那道人见了师青玄,告诉他此举无从可破,只有等他此生终了重入轮回。师青玄听得呆愣,道人长叹,又道或唯有一方对应,便是倘若他再见到那鬼,一定要无论如何与那鬼待在一起,如此他的命格便可只作用在自己身上,不再对旁人造成影响。


只一年,道人遣他离山,面上称是云游,实则让他找到贺玄。而贺玄察觉到师青玄命数有变,自对那道观下了狠手,却又得留着师青玄一命,教他受尽困难不可逃脱轮回。一人一鬼各自算计,终教师青玄得逞,跟着贺玄一赖就是两年,两年间他的阳寿锐减,于人间苦海沉浮,如今将死,便是万事落定,一局终解。




贺玄道。“是。”


他又道。“你不恨我? ”


师青玄歪过头。


“你是一鬼,鬼为恶随心而至,不成一恶,我曾是一神,不曾赎罪,罪加一等,何恨之有? ”’


贺玄走近两步,捉着师青玄的手贴在自己心口。“我害你一世,扮你友人,杀你家人,灭你师门,你若恨我,现在还可复仇。 ”


师青玄闻言大笑。


“贺兄,贺兄! 你可是糊涂,我自此死去,便是两清,我若恨你,那才是真找了你的道,代你命格,生生世世无穷尽也! ”

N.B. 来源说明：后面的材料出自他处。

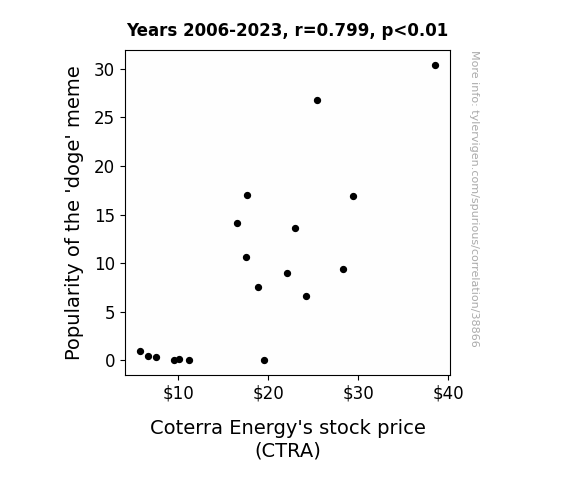 This means 63.8% of the change in the one variable (i.e., Coterra Energy's stock price (CTRA)) is predictable based on the change in the other (i.e., Popularity of the 'doge' meme) over the 18 years from 2006 through 2023.
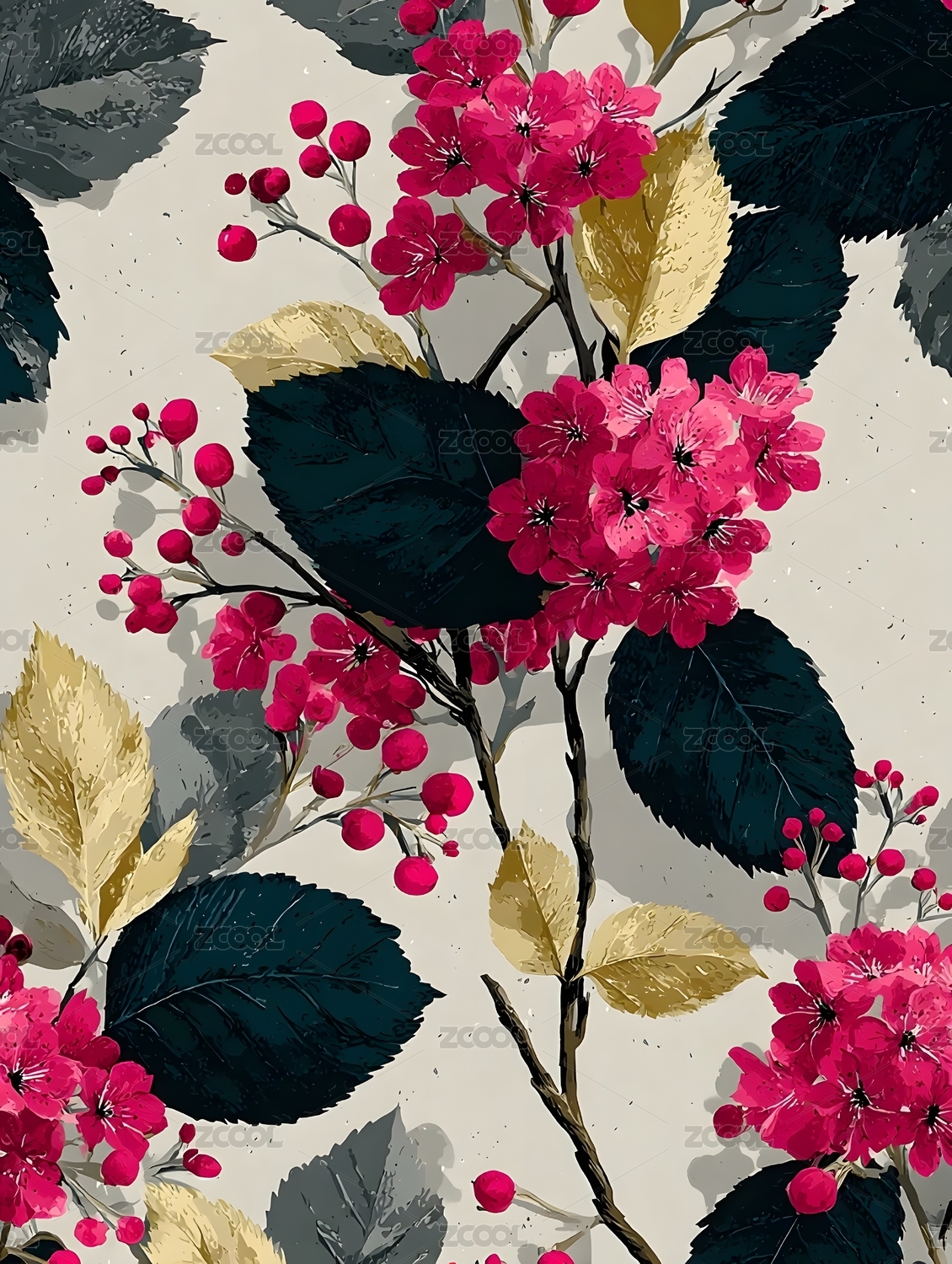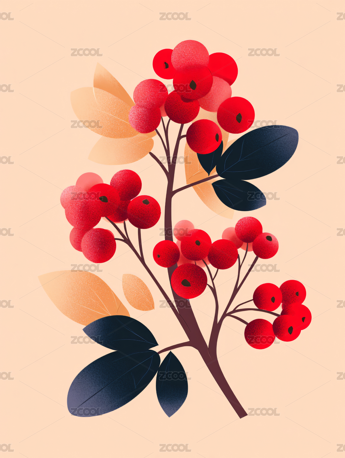 数码复古水彩秋天叶子浆果装饰抽象海报背景
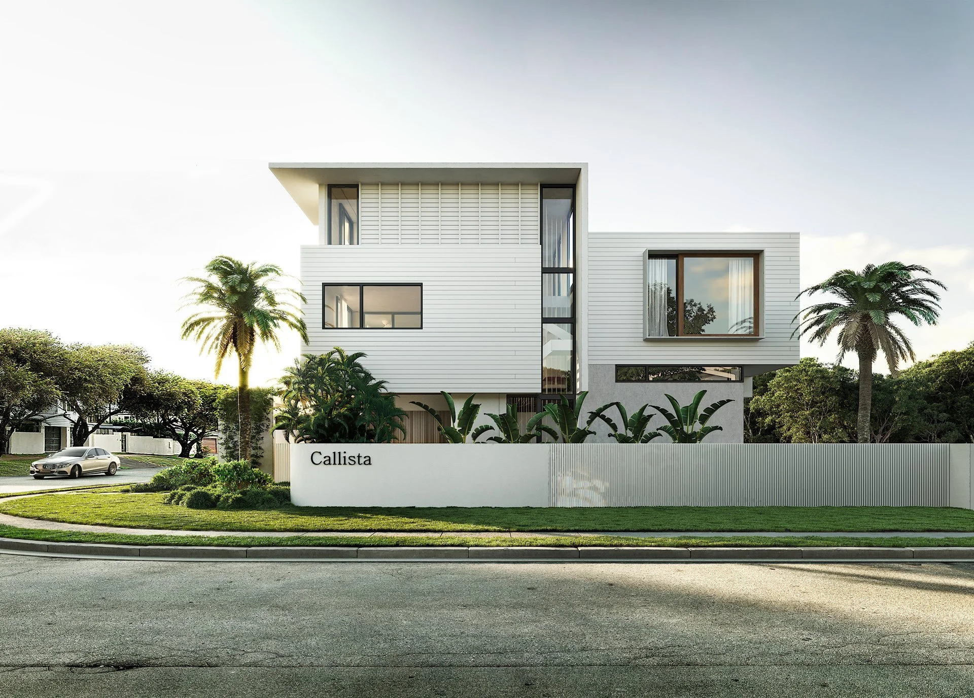 4 villa multi-residential Palm Beach, site constraints of a raised ground floor level to allow overland flow and restrictive height constraints, while still providing a comfortable 4 bed 3 bath luxury villa with double car garage, resulting in open 'split level’ planning.

他说得急,一时把心血也呕出来,话音未落,脖子便要向旁歪去。贺玄眼疾手快点上他额头,硬生生又吊回来一口气,师青玄半阖着眼看他,嘴角尚且挂着笑,眼神却飘忽不定,像是在透过他看更远处的什么人。


“贺兄活了百年,千帆阅尽,却当真是不谙此道,你若最初就告诉我,那即便不用你这番心思,我也甘愿待贺兄去死,只因……”




他张开口,一个音抵在舌尖,眼里的神气却是就这样黯淡了,他一手攥着贺玄的衣领,那鬼低下头,慢慢握住那只手。


他怀中尸体渐凉,半晌,那鬼稍稍耸肩,细细碎碎的笑声传来,随后越发夸张,竟是仰天大笑,上气不接下气。




“师青玄! ”他道。“好一位神官! 夺我命格,毁我一生,如今留我孑然一身无可再失——”




“明知故犯,罪加一等!” 




-完-




Notes:上次写事不过三,有个朋友回复说不知道贺玄会怎么报复师青玄才算不放过他,因为天官现在暂时放下了黑水线,所以这篇基本就是我对不放过的理解


以防有没交代清楚的地方,这篇梗概是接黑水带走风师,之后(没控制住或者失误)杀了成为凡人的师青玄,于是决定让他的魂魄重入轮回,经历贺玄曾经历过的,从拥有一个好命格,到被黑水一手扭曲成烂命


最后师青玄自己悟出了其中因果,自愿终了这一场冤冤相报,反倒让贺玄意识到这场报复给他带来的失落大于快感,因为师青玄本人实际上已经是他世上最后的牵挂


还有这篇终于突破了友情了!谢谢!师青玄在不知情之前是有喜欢过黑水的!我尽力了!